▶ [Data]:
━━━━━━

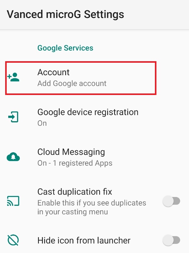 Vanced MicroG를 실행 하면 해당 화면이 뜹니다. 거기에서 맨위에 Account를 눌러 자신의 유튜브 로그인 구글 계정을 추가해 주셔야 합니다.
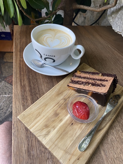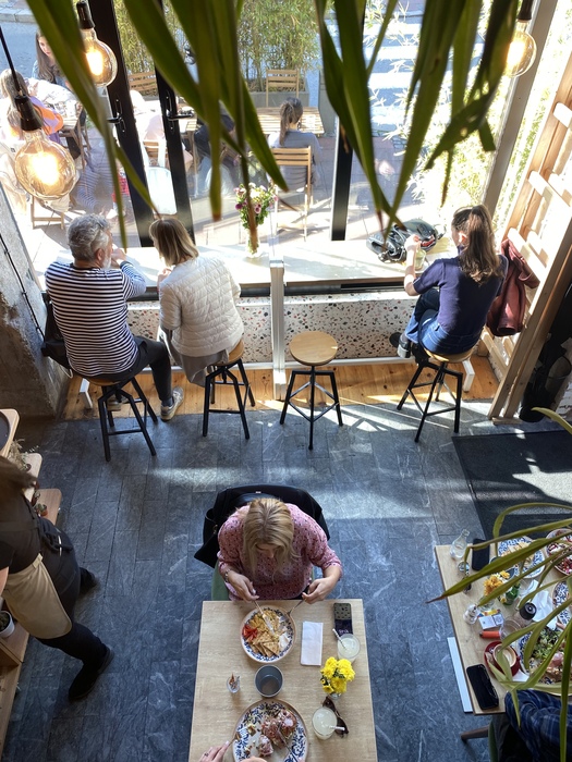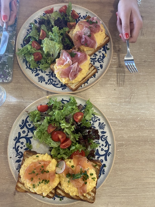 Место называется Bloom (хаха сразу подумал Виктор, ох уж этот покер)Открытая кухня,приятная музыка и вид из окна,правда очень вкусно и по сравнению с чг дёшево. На двоих вышло 16€ (Тосты с лососем, пршут, салаты,кофе)
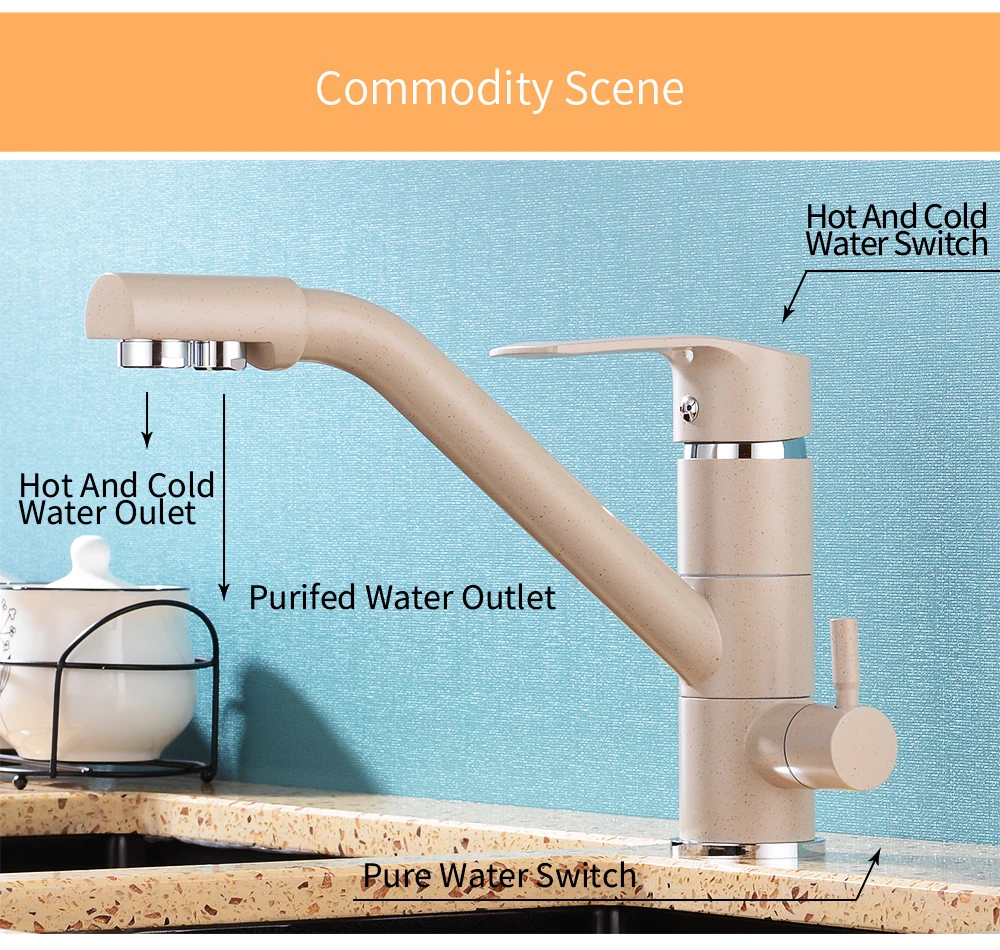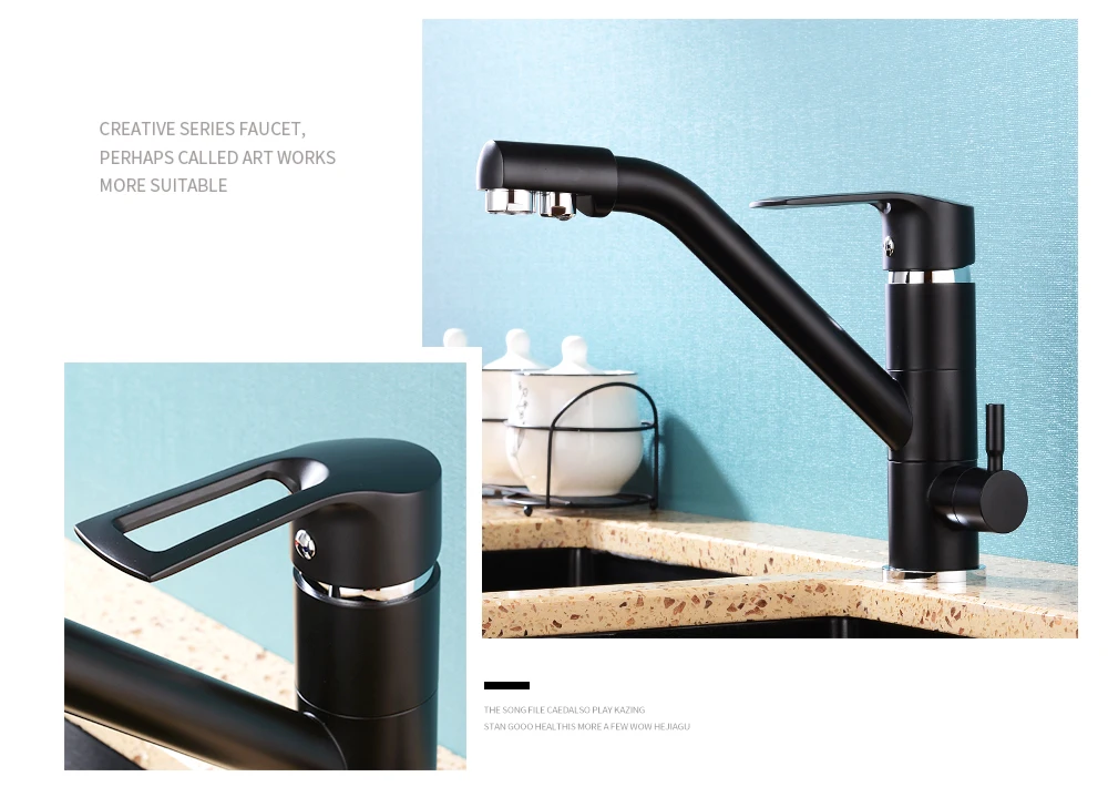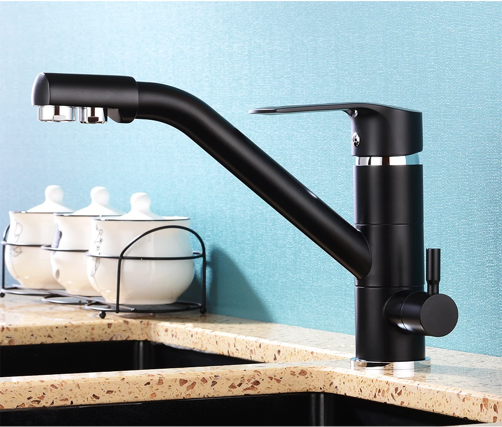 Смеситель для кухни с фильтрованной водой, кран с поворотом на 360 градусов, черный цвет

━━━━━━

▶ [Prompt]: Leaving every picture out, output the data exactly as it stands.

▶ [Your response]:
 Vanced MicroG를 실행 하면 해당 화면이 뜹니다. 거기에서 맨위에 Account를 눌러 자신의 유튜브 로그인 구글 계정을 추가해 주셔야 합니다.
 Место называется Bloom (хаха сразу подумал Виктор, ох уж этот покер)Открытая кухня,приятная музыка и вид из окна,правда очень вкусно и по сравнению с чг дёшево. На двоих вышло 16€ (Тосты с лососем, пршут, салаты,кофе)
 Смеситель для кухни с фильтрованной водой, кран с поворотом на 360 градусов, черный цвет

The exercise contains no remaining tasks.